U.S. corporate executive from Citi Private Bank

Ida Liu (劉宏敏) is an American banking executive and the Chief Executive Officer of HSBC Private Bank, a position she assumed in January 2026. Prior to this role, she served as Global Head of Citi Private Bank, after having led the firm's North American private bank.

==Early life and education==

Raised in Orinda, California by Mandarin speaking parents, Liu holds a B.A. with honors from Wellesley College. She speaks fluent Mandarin and Spanish.

==Career==
===Early career===

Liu started her career in 1998 as a mergers & acquisitions investment banker at BT Wolfensohn, now part of Deutsche Bank.

She joined Merrill Lynch's investment bank in 1999 and worked in both New York and Hong Kong, focusing on China and Taiwan deals in the technology, media and telecom sectors.

In 2004, Liu was appointed Global Head of Sales, Marketing and Business Development at womenswear designer Vivienne Tam. During her tenure, she launched the Vivienne Tam Dress line, and established flagship stores in China.

===Citi Private Bank===

Liu began her career at Citi Private Bank in 2007 by launching and heading the Fashion, Retail and Entertainment Group.

In 2011, she founded Citi Private Bank's newly formed North America Asian Clients Group before becoming Global Market Manager for New York in 2016.

In 2019, she was promoted to head the Private Bank in North America.

In 2021, Liu was appointed Global Head of Private Banking until her departure in early 2025.

=== HSBC Private Bank ===
In January 2026, Liu was appointed Chief Executive Officer of HSBC Private Bank.

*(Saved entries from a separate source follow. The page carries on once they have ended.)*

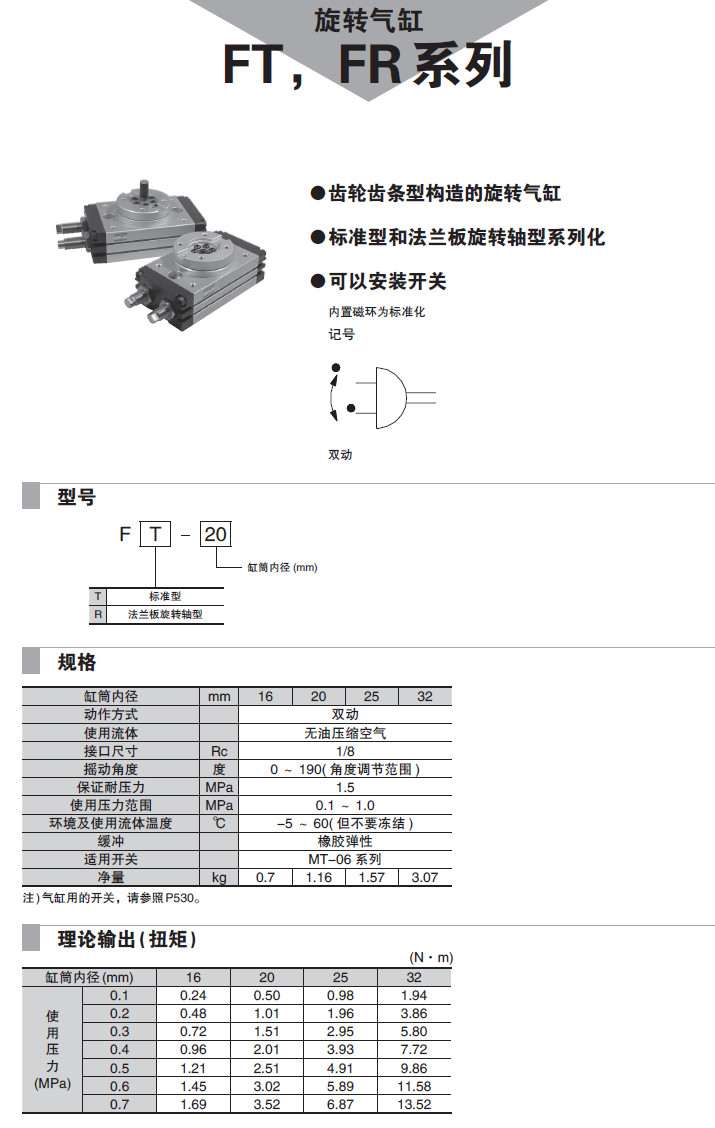 FT-16,FT-20,FT-25,FT-32,FR-16,FR-20,FR-25,FR-32,旋轉(zhuǎn)氣缸
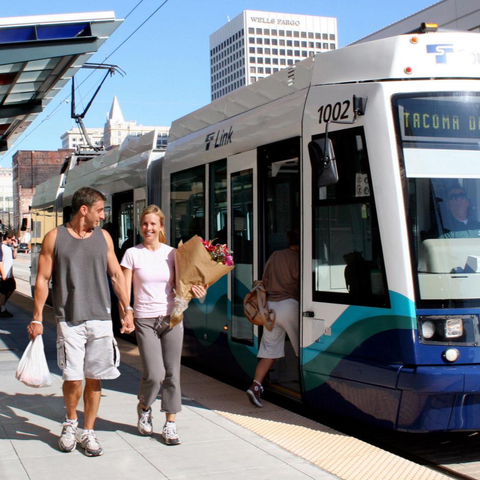 Just hop aboard this light rail car and travel the length of the Tacoma downtown.
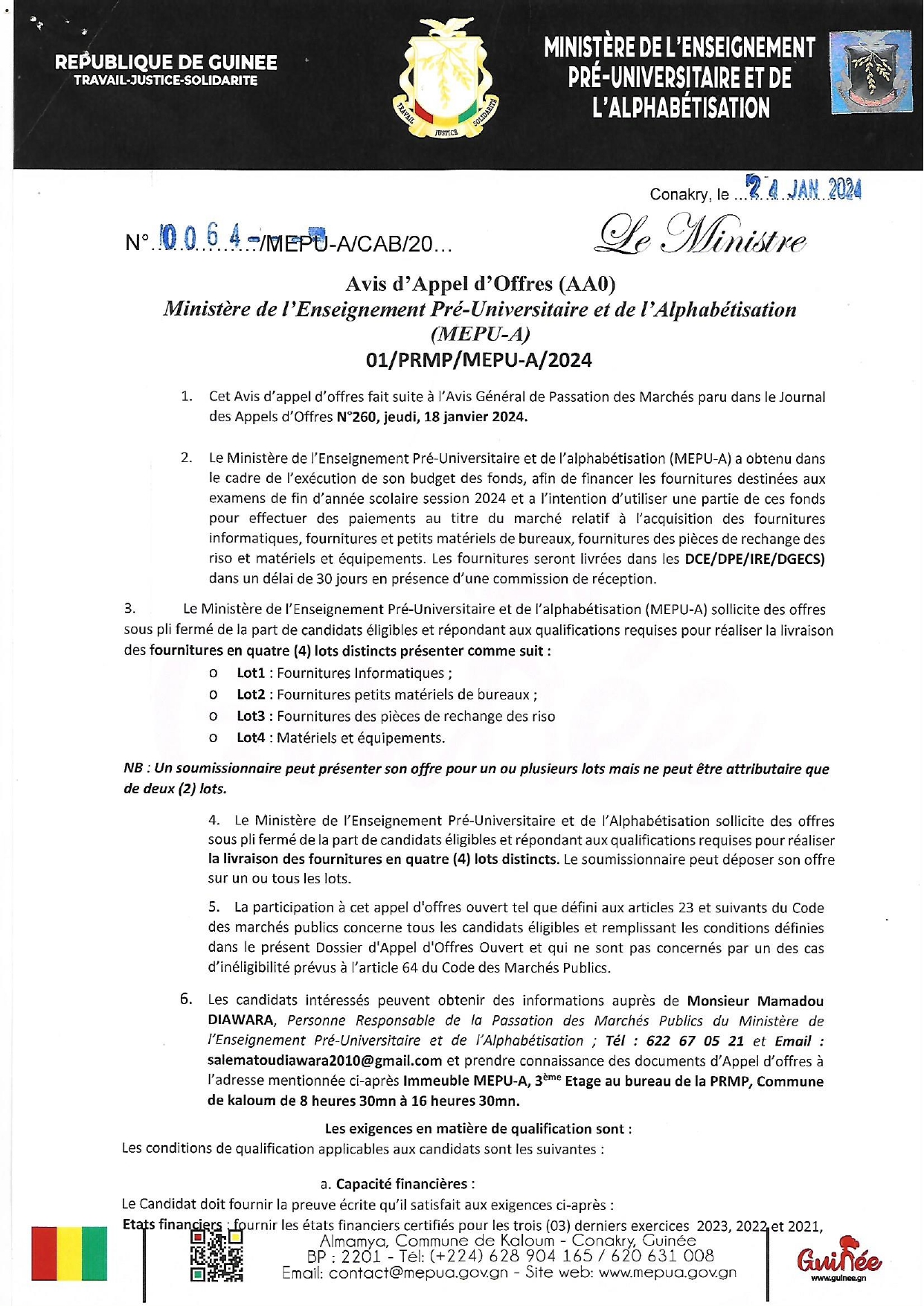 Appels d'offres Avis d’appel d’offres pour le marché relatif à l’acquisition des fournitures informatiques, fournitures et petits matériels de bureaux, fournitures des pièces de rechange des riso et matériels et équipements Par Sékou Mohamed SAVANE - 29 janvier 2024 0 221 FacebookTwitterPinterestWhatsApp
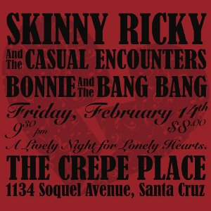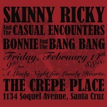 Come on down to the The Crepe Place as they present a double bill featuring Skinny Ricky & the Casual Encounters and Bonnie & the Bang Bang. Based out of Santa Cruz, Skinny Ricky & the Casual Encounters plays nothing but classic soul and R&B music, delivered with brass instruments and female backup singers. Bonnie & the Bang Bang is a San Francisco Bay Area-based group that creates aggressive indie-folk music, and have performed at some major festivals and venues, including BottleRock Napa Valley, Live105's "BFD," and the America's Cup Pavilion.

===Diversity and inclusion===
Liu is an advocate for diversity, inclusion, and gender equality in the workplace.

She served on Citi's Asian Heritage Affinity, becoming its Co-Lead in November 2021 and she has spoken at the Milken Institute Global Conference on inclusivity for the Asian American and Pacific Island heritage (AAPI) community.

Liu was a member of the Citi Women Steering Committee, a company-wide effort that is "designed to attract, develop, advance and retain female talent at all levels of the company." She also served as Chair of the Citi Women's International Women's Day celebrations globally.

===External board memberships===
Liu is a trustee and board member of the Asia Society.

She is the senior sponsor of recruiting for her alma mater, Wellesley College, where she was previously a board member of the Alumnae Association.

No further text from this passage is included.